Com a análise da entrevista realizada com a mãe de Paulo, pôde-se notar que ele, em sua rotina diária, possui poucos amigos e a sua família é pequena. É oportuno frisar que o participante não gostava da atividade de relato da rotina, de sorte que não se sentia à vontade nessa atividade. O participante 3 obteve melhor desempenho nas sessões 4, 5, 7 e 8 e, diferentemente das participantes 1 e 2, teve menor resultado na sessão 6 (Gráfico 9). Na sessão 6, recusou-se a contar a visita de seu pai a sua casa. Percebeu-se, ainda, que esse participante alcançou melhor desempenho na sessão 4 (primeira sessão de intervenção), diferentemente das participantes 1 e 2. Nesta sessão, o aluno contou suas atividades escolares, tema de grande interesse para ele, não só pelo fato de estar participando de um novo ambiente escolar, mas por estar frequentando a 1ª série do ensino fundamental da escola regular. Nesse contexto, as experiências foram diferentes das participantes 1 e 2, as quais frequentavam classe especial. Embora não se haja pesquisas a respeito da interferência ou não do ambiente segregado, no uso de sistemas de comunicação suplementar e alternativa, Von Teztchner e Grove (2003) Soto e Von Teztchner (2003) salientaram que escolas especiais e classes especiais poderiam contribuir nos suportes técnicos para os usuários dos sistemas gráficos.

Para relatar suas experiências, o participante 3 utilizou palavras, frases simples que, embora com trocas fonológicas, eram passiveis de serem entendidas. Quando não era compreendido por meio da expressão oral, empregou os sistemas gráficos de seu recurso de apoio. Deliberato (2009) identificou o uso de habilidades orais verbais e não verbais usados por um aluno com paralisia cerebral, durante a intervenção fonoaudiológica, ante o uso de recursos de comunicação suplementar e alternativa, como a prancha de símbolos pictográficos. A implementação dos sistemas gráficos pode permitir às crianças e jovens com alterações neuromotoras o acesso à linguagem e, desse modo, incentivar o desenvolvimento

de diferentes habilidades expressivas, como a própria fala (ROTHSCHILD; NORRIS, 2001).
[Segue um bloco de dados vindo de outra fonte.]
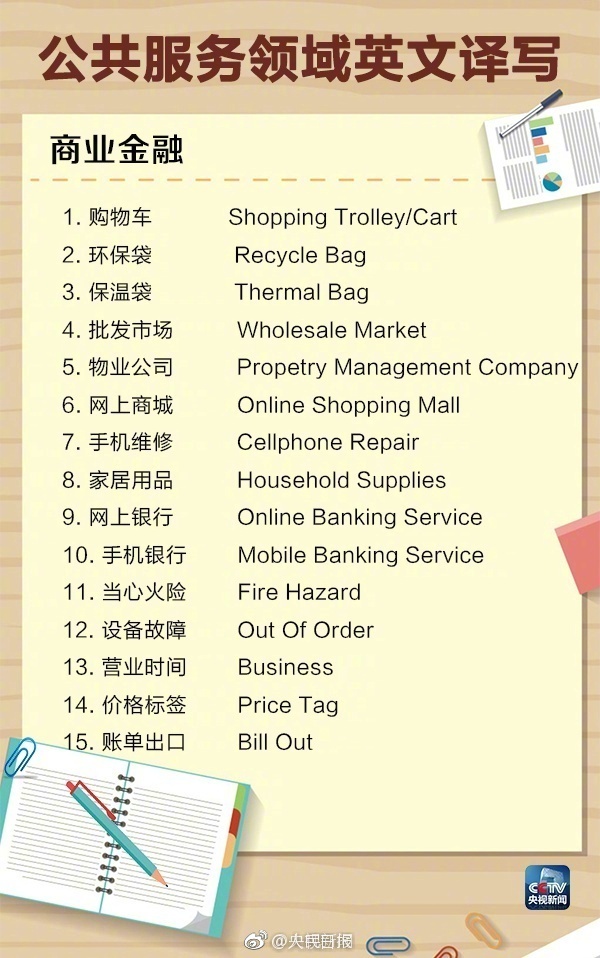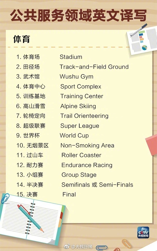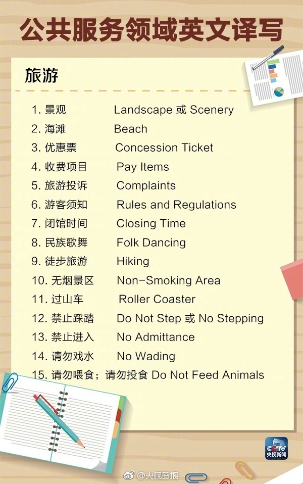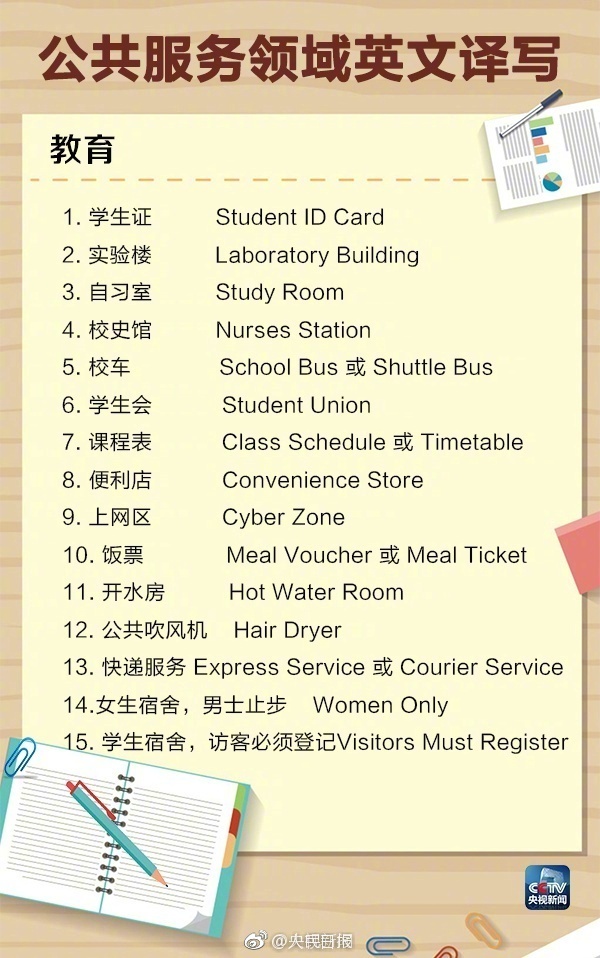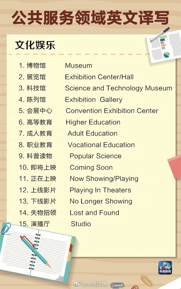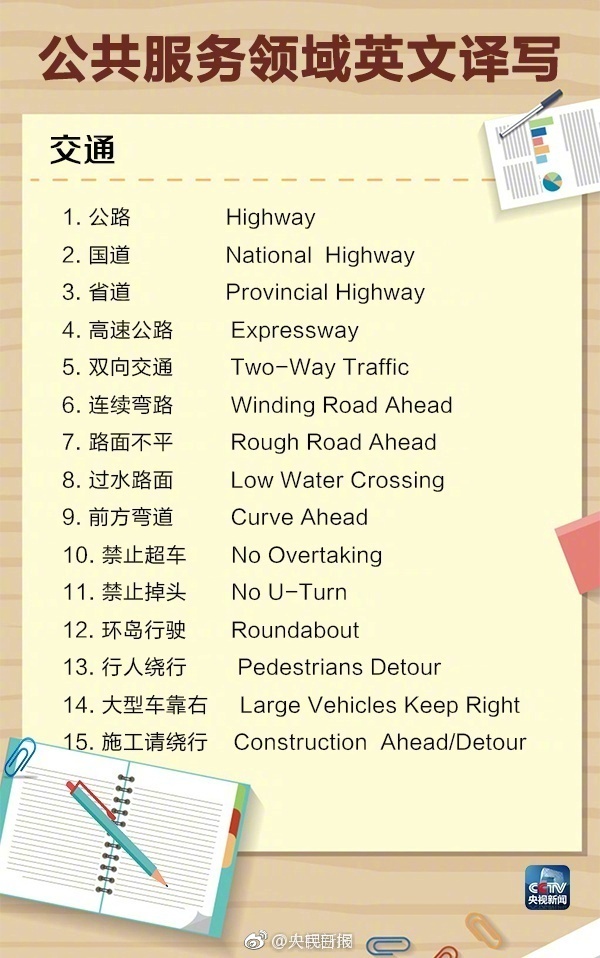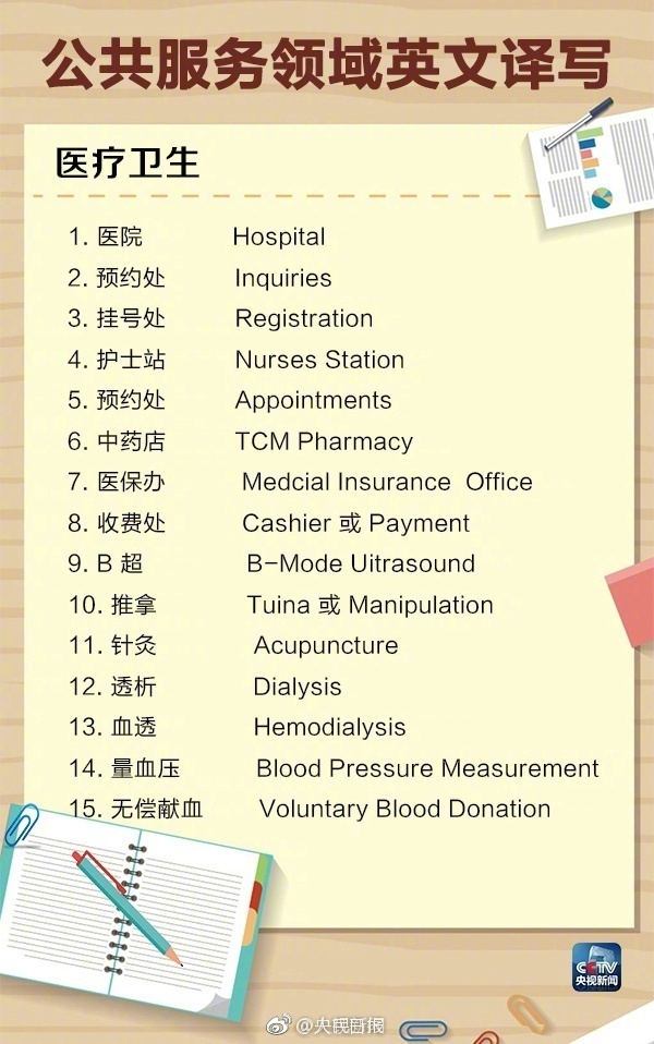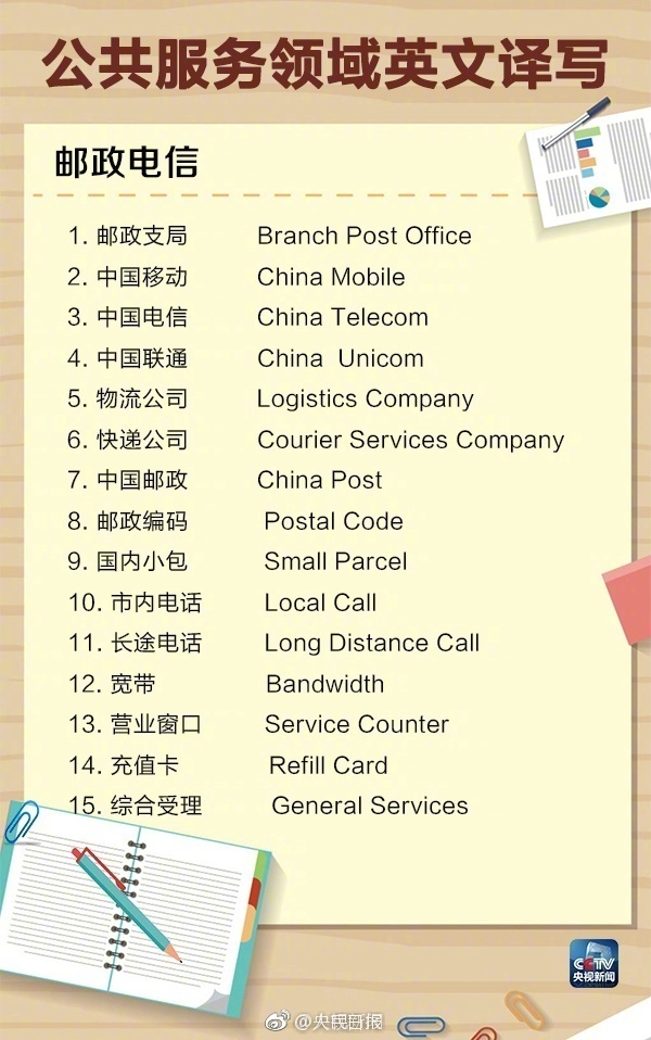 下面是央視提供的公共服務(wù)領(lǐng)域英文譯寫,同時(shí)回答一下標(biāo)題當(dāng)中出現(xiàn)的三個(gè)事物的標(biāo)準(zhǔn)英文翻譯:

Ainda examinando os dados dos três participante, quanto ao relato de rotina diária, nota-se que eles apresentaram um desempenho de pontuação máxima estabelecida para essa atividade, provavelmente em virtude das barreiras comunicativas que enfrentam, durante essa rotina: falta de vocabulário para temas específicos, falta de interlocutores capacitados, falta de recursos adaptados às especificidades motoras e perceptivas (HIGGINBOTHAM et al., 2007). Os dados identificados nesta pesquisa corroboram os de Waller et al. (2006), tendo em vista que os usuários de comunicação suplementar e alternativa, nas atividades que envolvem a narração, enfrentam as barreiras comunicativas, decorrentes do pouco acesso a atividades que ensinem as narrativas pessoais, pois muitas vezes os recursos disponíveis não são suficientes para auxiliá-los nas atividades que envolvam a atividade de narrar. Para os mesmos autores, a restrição da capacidade de narrar dos usuários do recurso de comunicação suplementar e alternativa pode estar correlacionada ao fato de que esse processo requer um desenvolvimento da habilidade pragmática (saber o que dizer e como estruturar a sequência dos enunciados) e também uma habilidade operacional (capacidade de localizar os símbolos gráficos, para a construção de frases).

O programa de intervenção foi finalizado na oitava sessão e, a partir da 9ª sessão e nas duas consecutivas, pôde-se observar que os participantes conseguiram manter habilidades aprendidas durante a intervenção, embora com menor pontuação no que concerne às sessões de intervenção, mas com maior pontuação, em relação à linha de base, com exceção da participante 2, cuja pontuação, nas sessões de follow up, foi semelhante à pontuação da linha de base. Isso pode estar vinculado à necessidade de apoio e atenção que essa participante solicita, nas diferentes atividades realizadas: é uma criança de pouco contato com diferentes interlocutores, porque, além das terapeutas, a criança tem contato somente com as crianças da classe especial.